» **WHAT TO WORK ON**
With the pictures left aside, write out exactly the lines of the listing below from the line with "Frühstück im Hotel." to the line with "FYL Toilet Roll", both included, and only those.

» **RECORDED DATA**

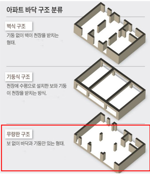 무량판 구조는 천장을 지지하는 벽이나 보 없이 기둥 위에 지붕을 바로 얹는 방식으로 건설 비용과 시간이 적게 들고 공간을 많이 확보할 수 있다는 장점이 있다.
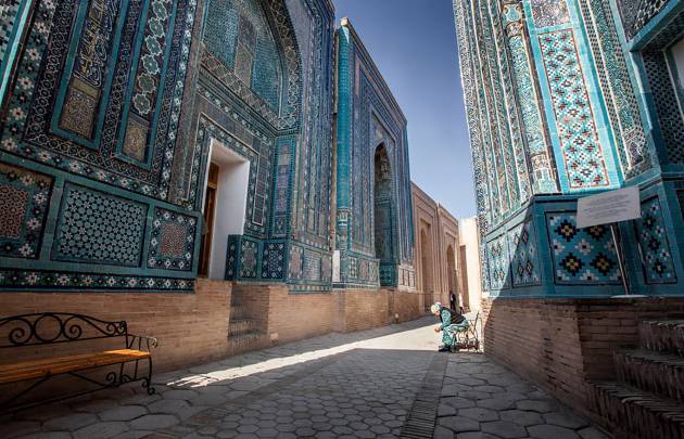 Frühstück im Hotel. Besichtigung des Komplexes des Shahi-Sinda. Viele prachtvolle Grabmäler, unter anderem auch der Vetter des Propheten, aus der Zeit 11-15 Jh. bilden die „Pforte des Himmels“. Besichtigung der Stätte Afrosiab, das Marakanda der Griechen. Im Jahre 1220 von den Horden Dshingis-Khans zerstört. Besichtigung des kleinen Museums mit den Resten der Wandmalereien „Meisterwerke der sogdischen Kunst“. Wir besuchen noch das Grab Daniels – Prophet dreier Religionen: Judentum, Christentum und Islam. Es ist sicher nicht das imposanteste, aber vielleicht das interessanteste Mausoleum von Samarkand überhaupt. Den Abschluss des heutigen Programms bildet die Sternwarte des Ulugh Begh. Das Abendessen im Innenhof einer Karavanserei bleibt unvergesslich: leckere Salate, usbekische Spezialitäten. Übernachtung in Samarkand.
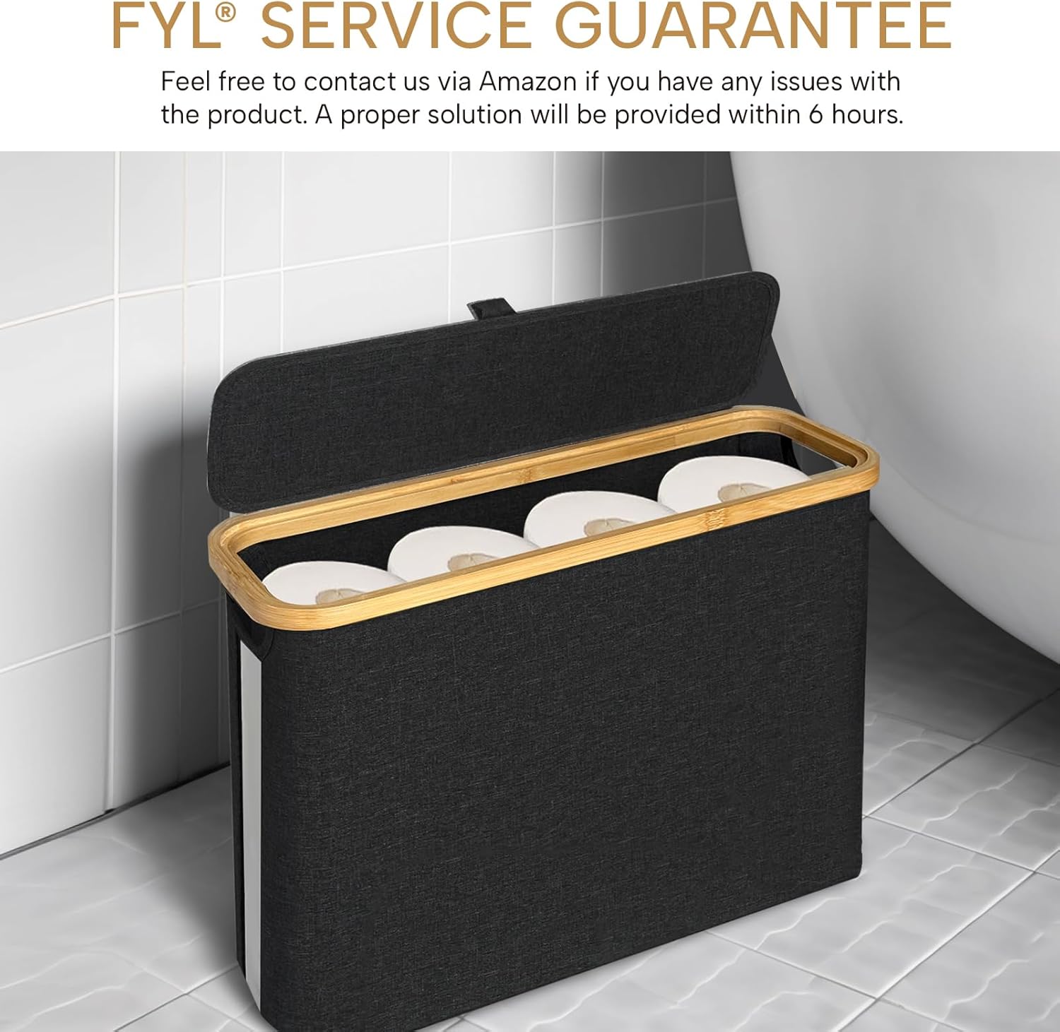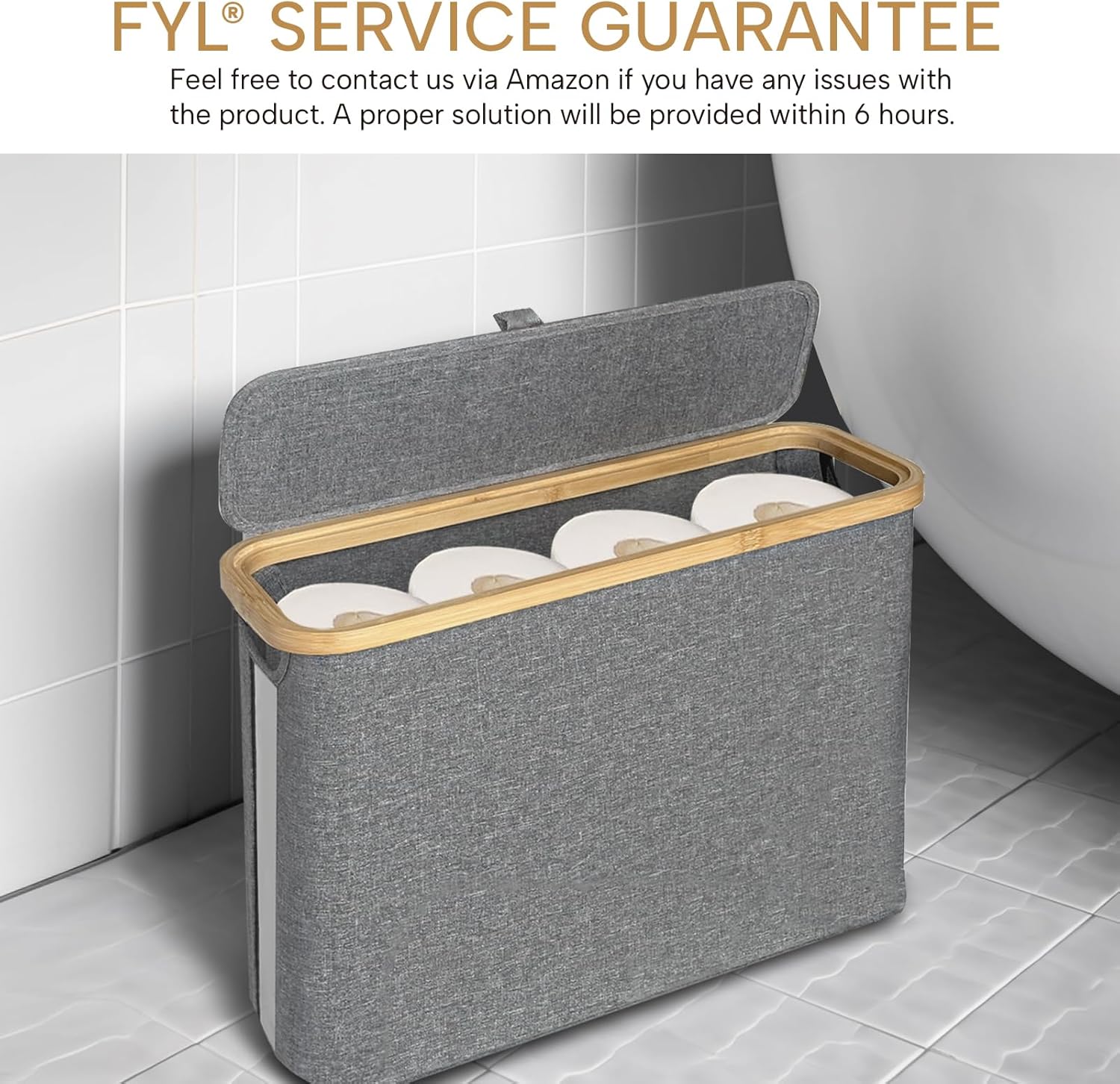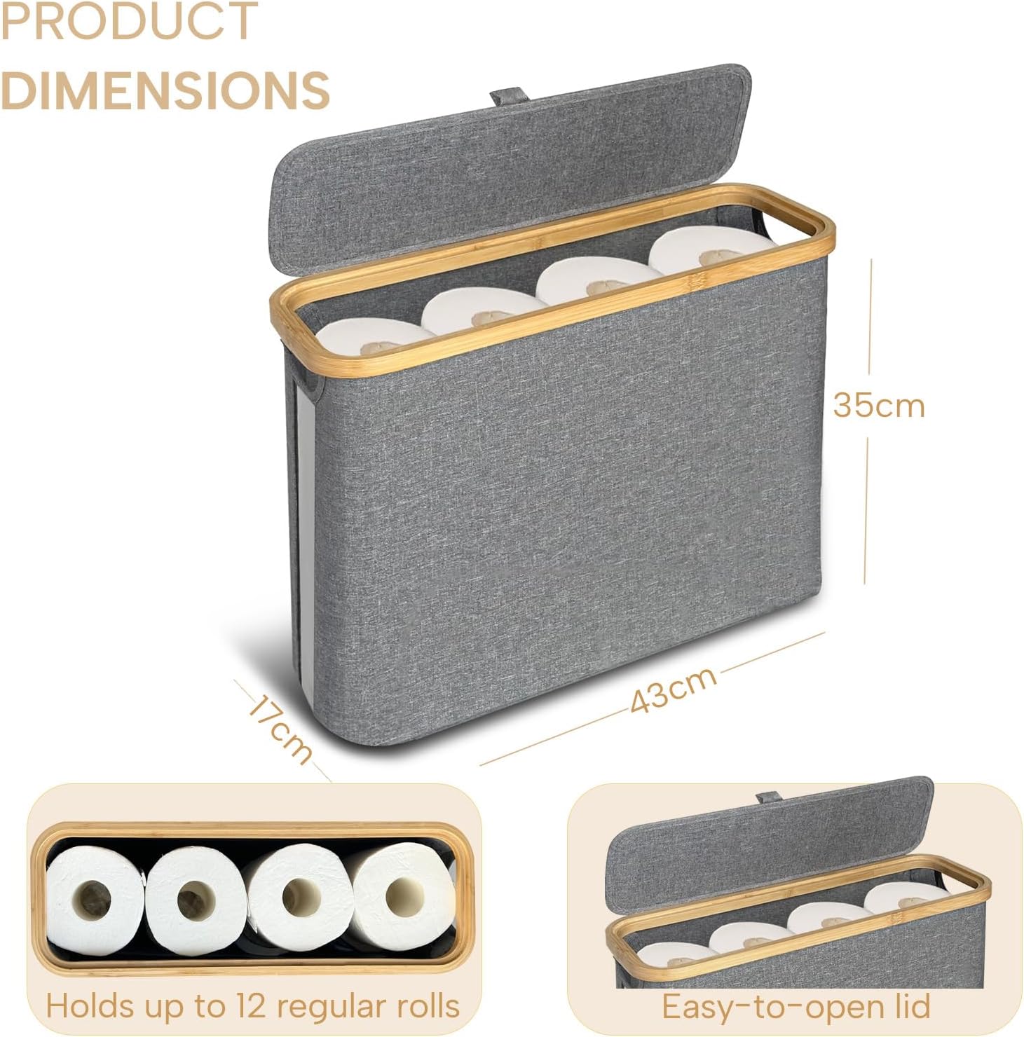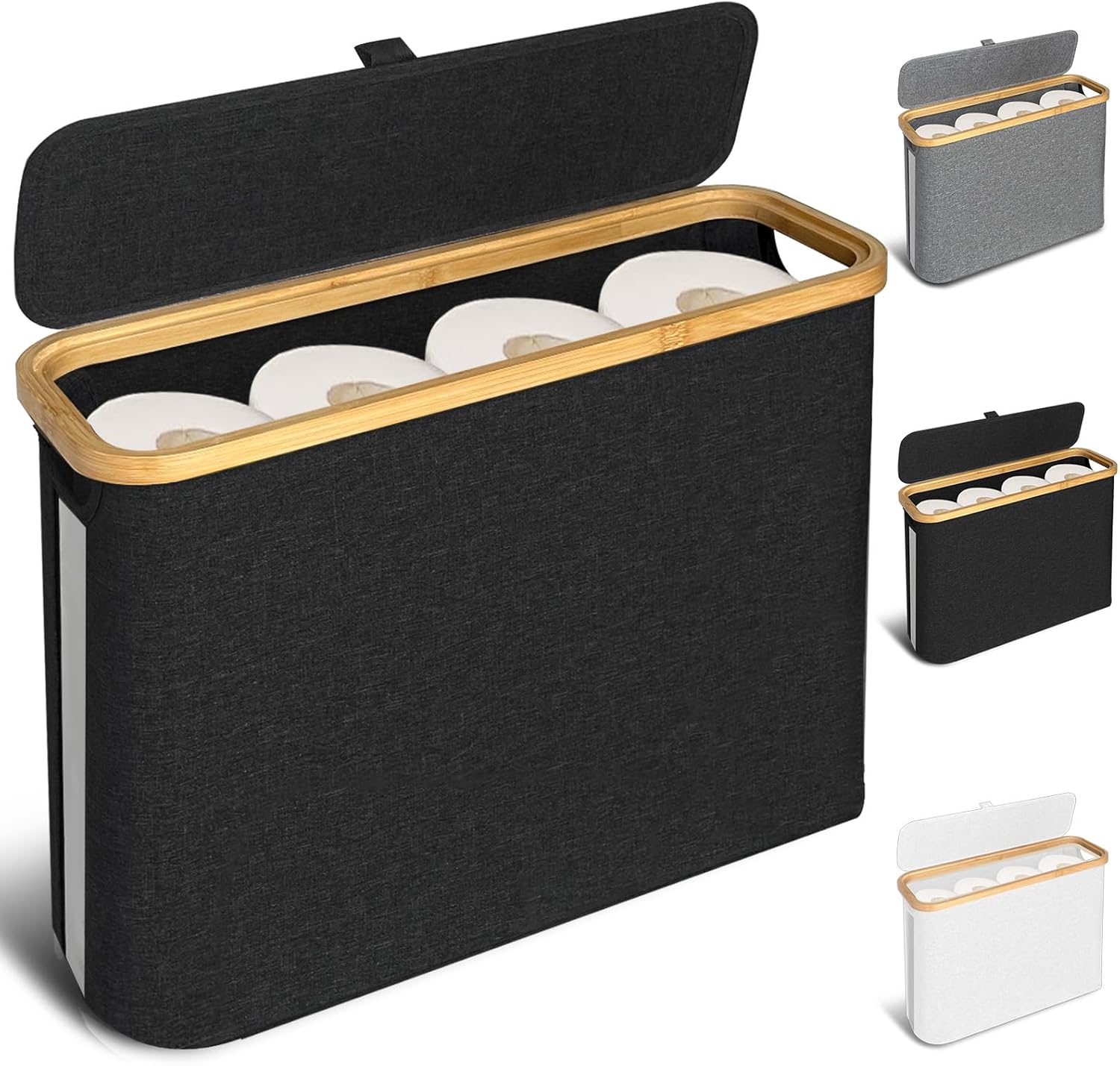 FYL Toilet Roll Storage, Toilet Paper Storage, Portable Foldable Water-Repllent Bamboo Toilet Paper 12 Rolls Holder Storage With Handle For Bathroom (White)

...

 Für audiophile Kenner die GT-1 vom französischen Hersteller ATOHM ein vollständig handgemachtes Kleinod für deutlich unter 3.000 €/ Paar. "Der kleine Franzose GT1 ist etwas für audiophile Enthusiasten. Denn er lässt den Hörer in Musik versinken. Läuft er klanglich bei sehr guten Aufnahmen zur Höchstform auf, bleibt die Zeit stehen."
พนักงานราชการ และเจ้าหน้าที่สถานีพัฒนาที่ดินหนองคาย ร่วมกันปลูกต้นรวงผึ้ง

» **RESULT FOR THIS TASK**
 Frühstück im Hotel. Besichtigung des Komplexes des Shahi-Sinda. Viele prachtvolle Grabmäler, unter anderem auch der Vetter des Propheten, aus der Zeit 11-15 Jh. bilden die „Pforte des Himmels“. Besichtigung der Stätte Afrosiab, das Marakanda der Griechen. Im Jahre 1220 von den Horden Dshingis-Khans zerstört. Besichtigung des kleinen Museums mit den Resten der Wandmalereien „Meisterwerke der sogdischen Kunst“. Wir besuchen noch das Grab Daniels – Prophet dreier Religionen: Judentum, Christentum und Islam. Es ist sicher nicht das imposanteste, aber vielleicht das interessanteste Mausoleum von Samarkand überhaupt. Den Abschluss des heutigen Programms bildet die Sternwarte des Ulugh Begh. Das Abendessen im Innenhof einer Karavanserei bleibt unvergesslich: leckere Salate, usbekische Spezialitäten. Übernachtung in Samarkand.
 FYL Toilet Roll Storage, Toilet Paper Storage, Portable Foldable Water-Repllent Bamboo Toilet Paper 12 Rolls Holder Storage With Handle For Bathroom (White)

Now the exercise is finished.